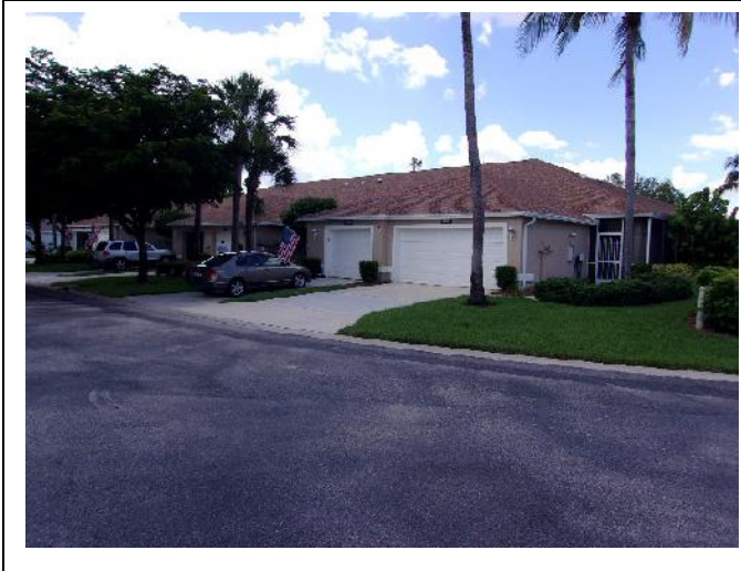
FRONT ELEVATION VIEW

R3 of Florida, LLC P.O. Box 152205 Cape Coral, FL 33915 Office: 239.810.7793 Email: radjrsas@yahoo.com
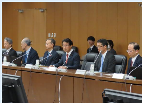
Photo: Meeting of director generals of local finance bureaus

At the meeting of director generals of local finance bureaus, in addition to an address by the Parliamentary Vice-Minister, director generals of local finance bureaus and senior officials of the Financial Services Agency exchanged views on issues such as immediate problems in financial administration and the Financial Services Agency's initiatives. We shared our understanding of these issues with director generals of local finance bureaus, and confirmed that the Financial Services Agency and local finance bureaus will continue to work together on these issues.

• _WHAT YOU HAVE TO DO_:
After locating the line that contains "R3 of Florida, LLC", output it and all later lines through the end of the material exactly, leaving out pictures.

• _FINISHED EXERCISE_:
R3 of Florida, LLC P.O. Box 152205 Cape Coral, FL 33915 Office: 239.810.7793 Email: radjrsas@yahoo.com
Photo: Meeting of director generals of local finance bureaus

At the meeting of director generals of local finance bureaus, in addition to an address by the Parliamentary Vice-Minister, director generals of local finance bureaus and senior officials of the Financial Services Agency exchanged views on issues such as immediate problems in financial administration and the Financial Services Agency's initiatives. We shared our understanding of these issues with director generals of local finance bureaus, and confirmed that the Financial Services Agency and local finance bureaus will continue to work together on these issues.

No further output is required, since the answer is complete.